*YOUR INSTRUCTIONS:*
Only the lines from the beginning of the data through the one with "Alimentato a 230Vac-50Hz, consente" belong in the answer, each retyped exactly, with pictures left out.
TASK DATA section start
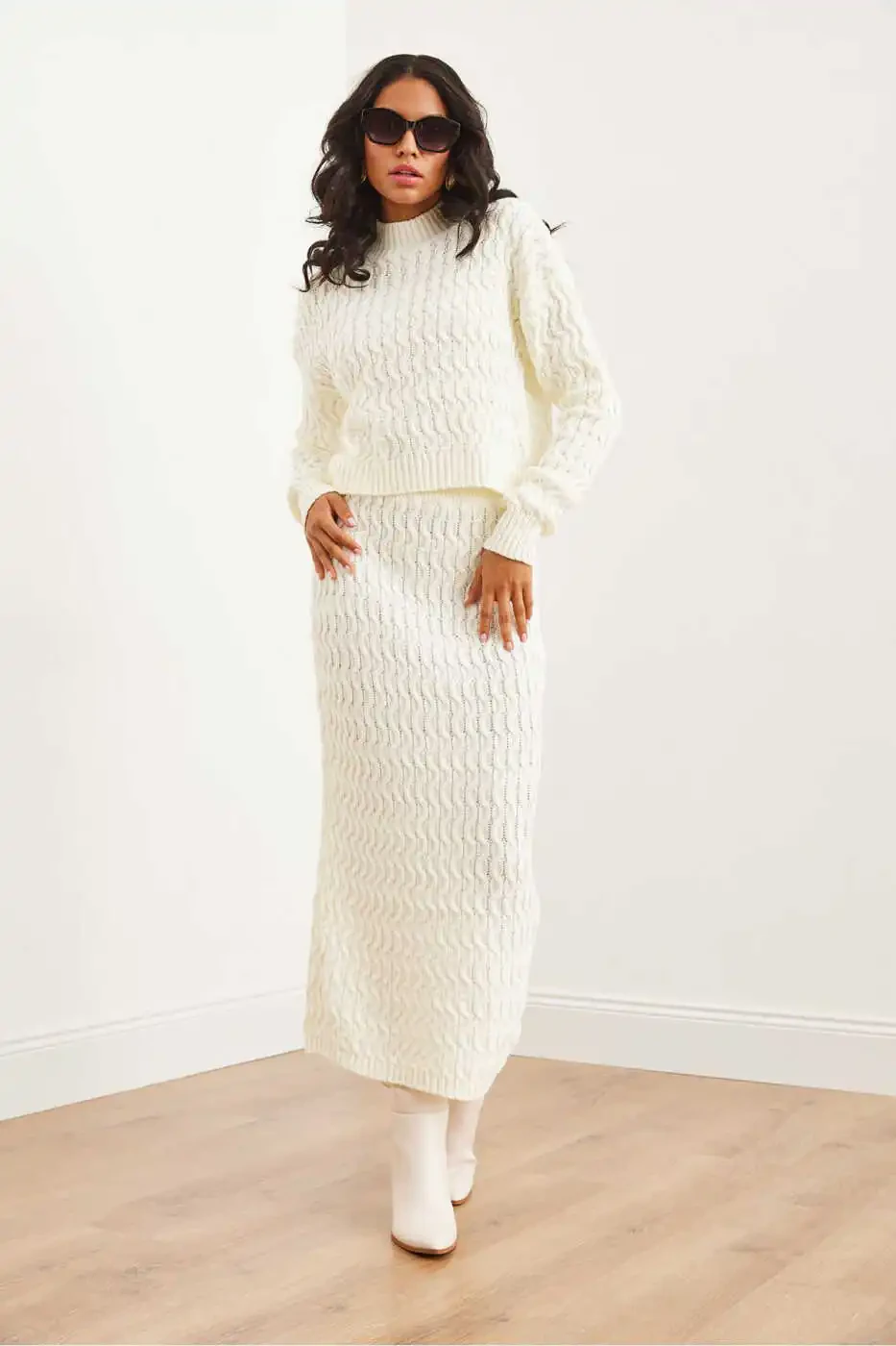 Ayollar uchun ekru rangli soch o'rgulu yuqori va pastki triko to'plam | Trendyol
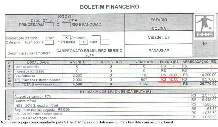 Amazonas - O Princesa do Solimões disputa a Série D do Campeonato Brasileiro, mas os torcedores pagam ingressos e o programa de sócio como se vestissem a camisa de um clube da Série A. Na última quarta-feira, a diretoria do clube amazonense anunciou que os ingressos subiriam para R$ 30, sendo a meia-entrada R$ 15. No único jogo em que realizou como mandante na Série D, a entrada custou R$ 20 e a meia R$ 10.
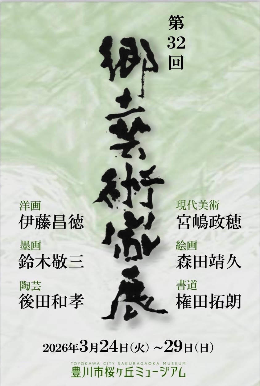 | 場所 | 豊川市桜ケ丘ミュージアム 2階市民ギャラリー 〒442-0064 愛知県豊川市桜ケ丘町79-2 tel. 0533-85-3775 【連絡先】 〒442-0011 豊川市東曙町225 宮嶋 政穂 |
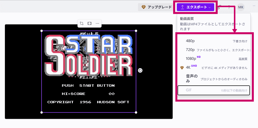 ❾ 動画の向きを正しい位置にしたら、右上のエクスポートを押します。
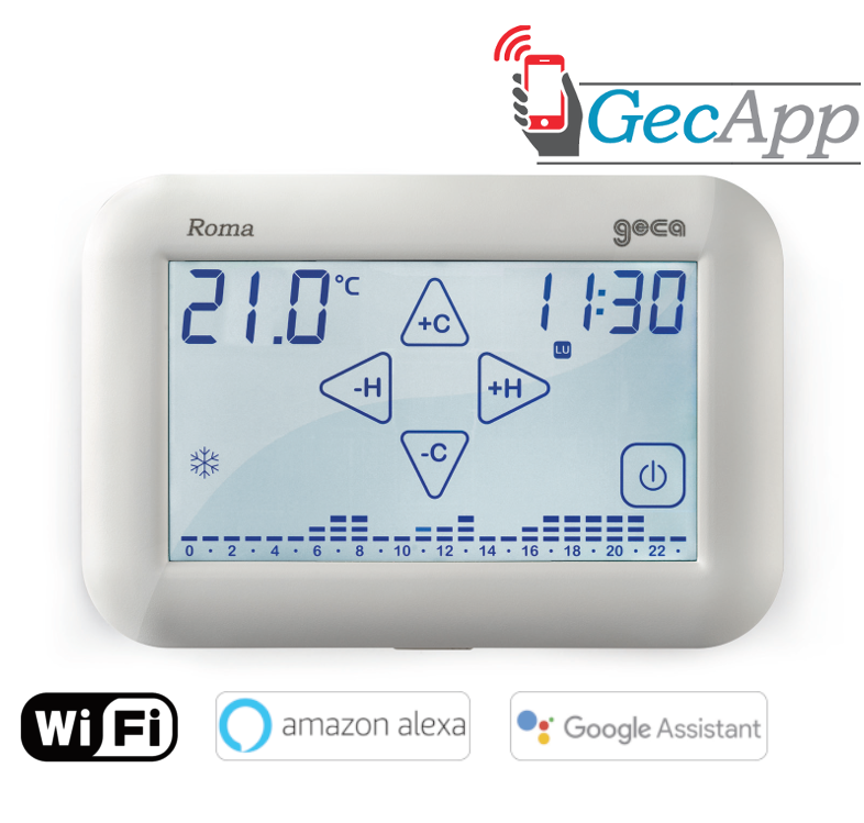 Alimentato a 230Vac-50Hz, consente di avere sempre e in tempo reale le informazioni aggiornate sull'impianto di riscaldamento o condizionamento e di variarne lo stato e le impostazioni in modo semplice ed intuitivo. L'APP, che è in grado di gestire più cronotermostati contemporaneamente dallo stesso smartphone, consente di accendere e spegnere l'impianto, programmare il funzionamento settimanale, commutare in modalità manuale, impostare la funzione antigelo e attivare, in caso di necessità, gli allarmi di superamento delle temperature impostate.
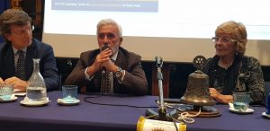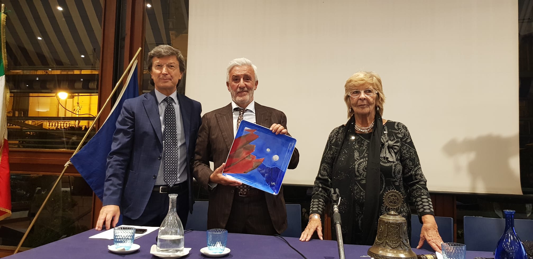 “ Un Posto al Sole” compie 25 anni: la serie televisiva trasmessa ogni sera alle 20,30 , dal 21 ottobre del 1996, su Rai3, ambientata a Napoli, che racconta le vicende dei condomini di “Palazzo Palladini”, sulla collina di Posillipo, e che ha raggiunto una media di ascolto di oltre due milioni di spettatori, è stata definita con orgoglio “un piccolo miracolo napoletano” dal dottor Antonio Parlati, Direttore del “Centro di Produzione Rai” di Napoli, che , invitato dal giornalista rotariano Pino Blasi, ha partecipato all’incontro organizzato al “Circolo Canottieri Irno” dal “Rotary Club Salerno a.f. 1949”, presieduto dalla professoressa Maria Rosaria Lombardi che ha sottolineato l’importante ruolo svolto dalla soap che affronta anche varie tematiche sociali:” Un Posto al Sole ha una ricchezza di argomentazioni trattate che hanno contribuito a renderla popolare: le problematiche della città di Napoli, la camorra, l’abbandono degli animali, i rifiuti tossici, la mala sanità, l’affido, il tema del bullismo”. Il dottor Parlati ha raccontato che la famosa serie televisiva, giunta a quasi 6000 puntate trasmesse, è nata da un’altrettanta famosa serie televisiva australiana, e che dietro le quinte lavorano oltre 200 persone:” Ogni puntata si svolge nella data in cui viene trasmessa e gli autori devono essere bravi, quando tre mesi prima scrivono la trama della puntata, a capire quali saranno i temi che saranno di interesse nel periodo in cui sarà trasmessa la puntata che viene girata un mese e mezzo prima”. Parlati ha ricordato che hanno curato la regia di “Un Posto al Sole” più di 130 registi e che hanno recitato importanti attori tra i quali anche l’attrice salernitana Regina Senatore che interpretava il ruolo di Donna Lucia. Un Posto al Sole” è anche un grande attrattore turistico: ”Questa fiction lascia sul territorio ricchezza: in Campania abbiamo uno dei tassi più alti di realizzazione di fiction e questo contribuisce a valorizzare il nostro territorio”. L’attore Patrizio Rispo che nella fiction interpreta il ruolo di Raffaele Giordano, il portiere di “Palazzo Palladini”, ha raccontato che: “Un Posto al Sole” è una macchina che lavora fino a quattordici ore al giorno per produrre un girato di 30 minuti: questa è la grande rivoluzione!”. Secondo Rispo la vera protagonista della fiction è Napoli:” La nostra mission è valorizzare l’Italia , la Campania e Napoli. La gente ci ha visto crescere come uomini e come attori: siamo circondati dall’affetto, dall’attenzione e dall’ascolto della gente che ci vede quasi come persone di famiglia. Noi sentiamo la responsabilità di essere da esempio”. Patrizio Rispo che si è definito “un sano bipolare” perché ormai il suo personaggio è entrato a far parte della sua vita:” Sono il frutto di quello che è Patrizio e di quello che è Raffaele”, è un po’ la colonna portante della fiction: alcuni dicono che ne rappresenta il brand, il simbolo. Rispo ha raccontato che quando la gente lo incontra per le strade dei quartieri di Napoli, lo saluta chiamandolo indifferentemente: ” Raffaele, Patrizio, maestro, ’o guardaporta, ‘o zio”. Un Posto al Sole” è visto anche nel Nord d’Italia e all’estero:” Abbiamo un pubblico di 40 milioni sparsi in tutto il mondo: molti hanno imparato l’italiano vedendo le nostre puntate”. Ai due protagonisti della serata sono state donate due opere dell’artista Bartolomeo Gatto. recentemente scomparso. Durante la serata la Presidente Maria Rosaria Lombardi ha nominato Socio Onorario del Club il Past Governor Massimo Franco.
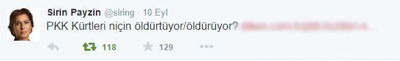 Güya PKK'yı sorgulamak için yazılmış olan bir yazıyı Twitter hesabından paylaşan Şirin Payzın, bu yazıyı paylaşarak ilgili yazıdaki görüşlere katıldığını da kanıtlamış oldu.
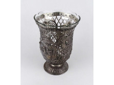 Antik, 800-as ezüst, nagyméretű, háromágú gyertyatartó asztali kandaláber pár 1374 g
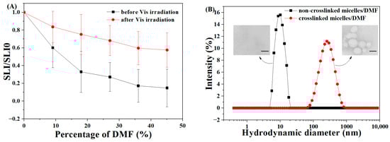 (A) Variation in relative scattered light intensity (SLI/SLI0) upon dilution by different volumes of DMF for MPEG-b-PUSe-b-MPEG micelles in the aqueous solution (initial concentration: 0.5 mg/mL) before and after Vis-irradiation. Data are shown as mean ± SD (n = 3). (B) The DLS data and TEM images of lyophilized non-crosslinked and crosslinked micelles in DMF solution (Scale bar: 200 nm).
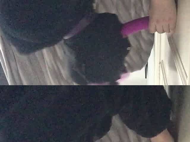 Brunette Thena plays with her strap-on
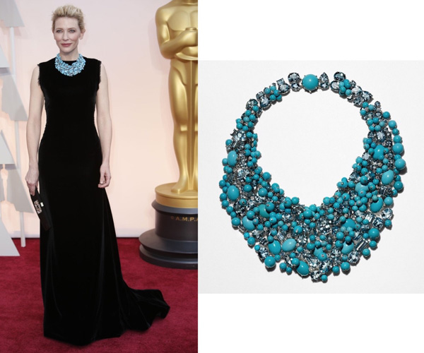 Odvážnou kombinaci zvolila v roce 2015 kráska Cate Blanchett. K jednoduchým černým šatům vybrala pestrý statement náhrdelník s akvamaríny, tyrkysy a diamanty pocházející z dílny Tiffany.
TASK DATA section end
*WORKED SOLUTION:*
 Ayollar uchun ekru rangli soch o'rgulu yuqori va pastki triko to'plam | Trendyol
 Amazonas - O Princesa do Solimões disputa a Série D do Campeonato Brasileiro, mas os torcedores pagam ingressos e o programa de sócio como se vestissem a camisa de um clube da Série A. Na última quarta-feira, a diretoria do clube amazonense anunciou que os ingressos subiriam para R$ 30, sendo a meia-entrada R$ 15. No único jogo em que realizou como mandante na Série D, a entrada custou R$ 20 e a meia R$ 10.
 | 場所 | 豊川市桜ケ丘ミュージアム 2階市民ギャラリー 〒442-0064 愛知県豊川市桜ケ丘町79-2 tel. 0533-85-3775 【連絡先】 〒442-0011 豊川市東曙町225 宮嶋 政穂 |
 ❾ 動画の向きを正しい位置にしたら、右上のエクスポートを押します。
 Alimentato a 230Vac-50Hz, consente di avere sempre e in tempo reale le informazioni aggiornate sull'impianto di riscaldamento o condizionamento e di variarne lo stato e le impostazioni in modo semplice ed intuitivo. L'APP, che è in grado di gestire più cronotermostati contemporaneamente dallo stesso smartphone, consente di accendere e spegnere l'impianto, programmare il funzionamento settimanale, commutare in modalità manuale, impostare la funzione antigelo e attivare, in caso di necessità, gli allarmi di superamento delle temperature impostate.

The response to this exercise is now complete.